In deze zaak, behandeld door de Rechtbank Rotterdam op 30 juli 2024, is een kort geding aan de orde waarin HCI 360 Innsbruckweg B.V. als eiseres optreedt tegen de onbekende gedaagden die zich in een gekraakt bedrijfspand bevinden. De eiseres heeft verzocht om ontruiming van het pand, dat zich aan een specifieke straat in Rotterdam bevindt. De gedaagden zijn niet verschenen tijdens de zitting, waardoor verstek is verleend. De rechtbank heeft vastgesteld dat de dagvaarding aan de wettelijke vereisten voldoet en heeft het gevraagde verstek verleend.
De voorzieningenrechter heeft geoordeeld dat de ontruiming van de onroerende zaak moet plaatsvinden, maar niet onmiddellijk. De gedaagden moeten het pand binnen drie dagen na betekening van het vonnis ontruimen. De rechtbank heeft ook bepaald dat de eiseres het vonnis gedurende zes maanden na de ontruiming kan ten uitvoer leggen in geval van hernieuwde kraak. De gedaagden zijn als grotendeels in het ongelijk gestelde partij veroordeeld in de proceskosten, die zijn begroot op € 1.650,37. De gevorderde wettelijke rente over de proceskosten is toegewezen, evenals de veroordeling tot betaling binnen veertien dagen na aanschrijving.

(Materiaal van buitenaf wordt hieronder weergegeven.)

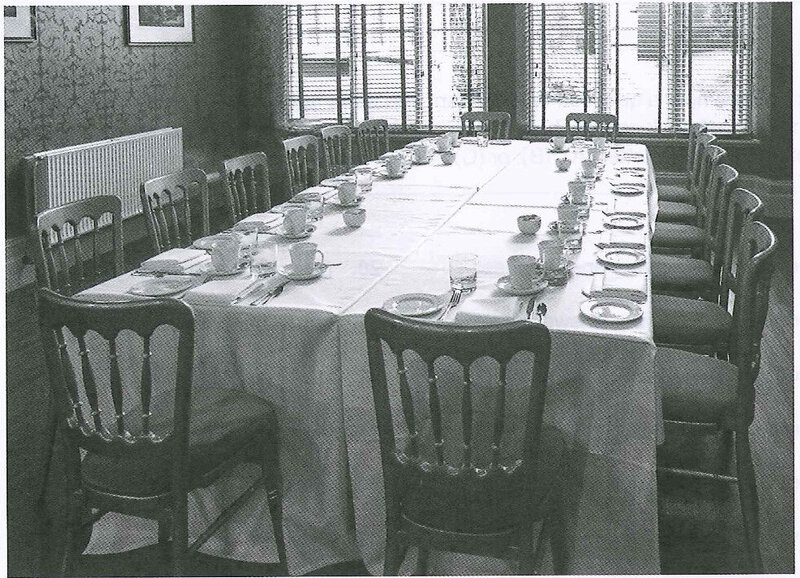 B: Một khu vực ăn uống được chuẩn bị cho bữa ăn.
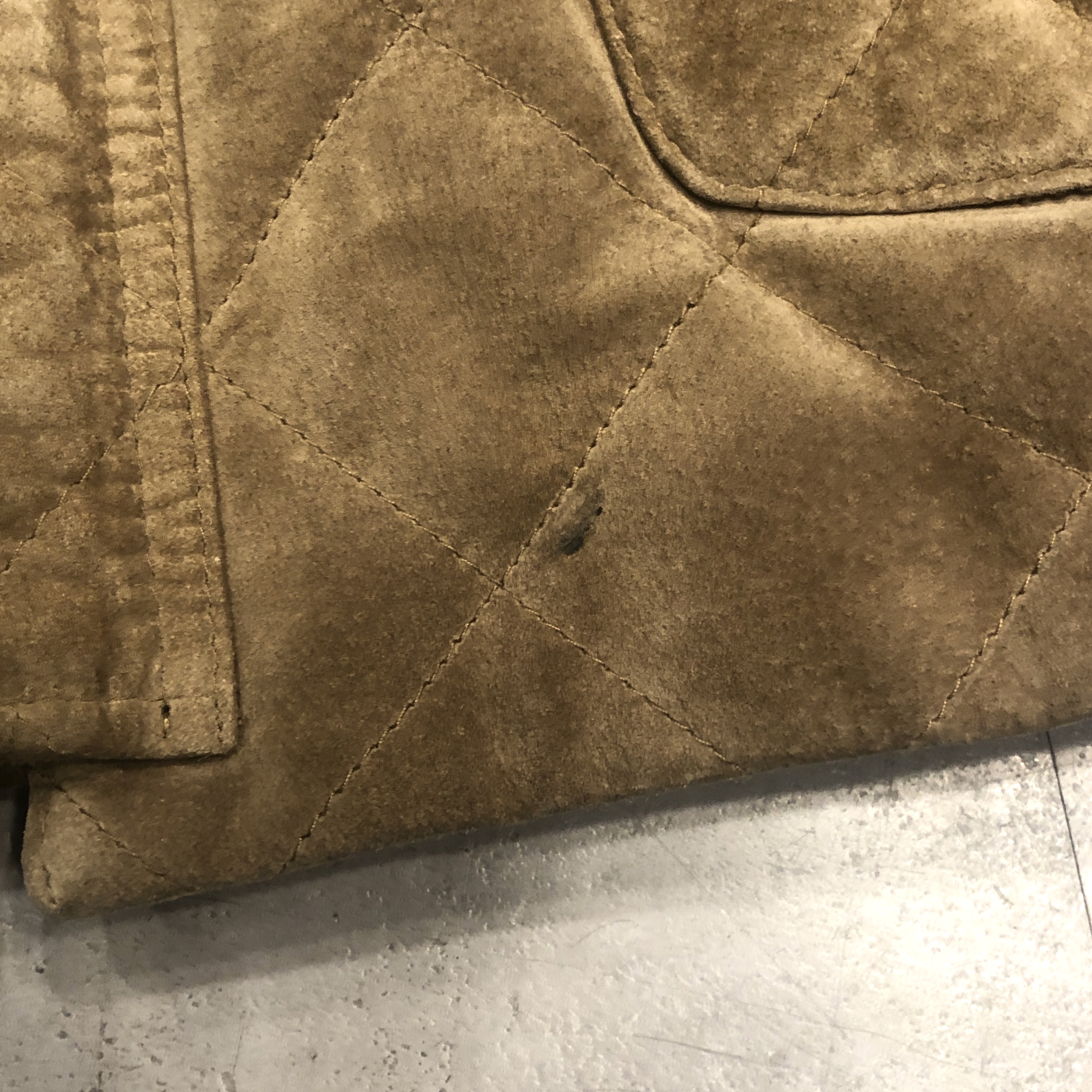 - 年代相応の着用感、スエード特有のアタリ、スレ、前面右側の裾部分の汚れ等がそれぞれ画像の様にございますが、古着慣れされている方でしたら問題なくお使いいただける範囲です。
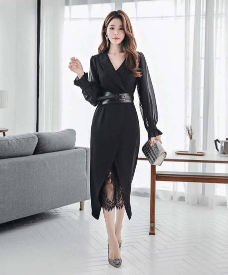 レースの裾とシースルーの袖がおしゃれなスリムフィットのドレスです。

De rechtbank heeft verder de gevorderde machtiging tot het gebruik van sterke arm afgewezen, evenals de gevorderde dwangsom, omdat de mogelijkheid tot gedwongen ontruiming al een voldoende dwangmiddel is. De voorzieningenrechter heeft het meer of anders gevorderde afgewezen en verklaard dat de veroordelingen uitvoerbaar bij voorraad zijn. Dit vonnis is openbaar uitgesproken door mr. P. de Bruin.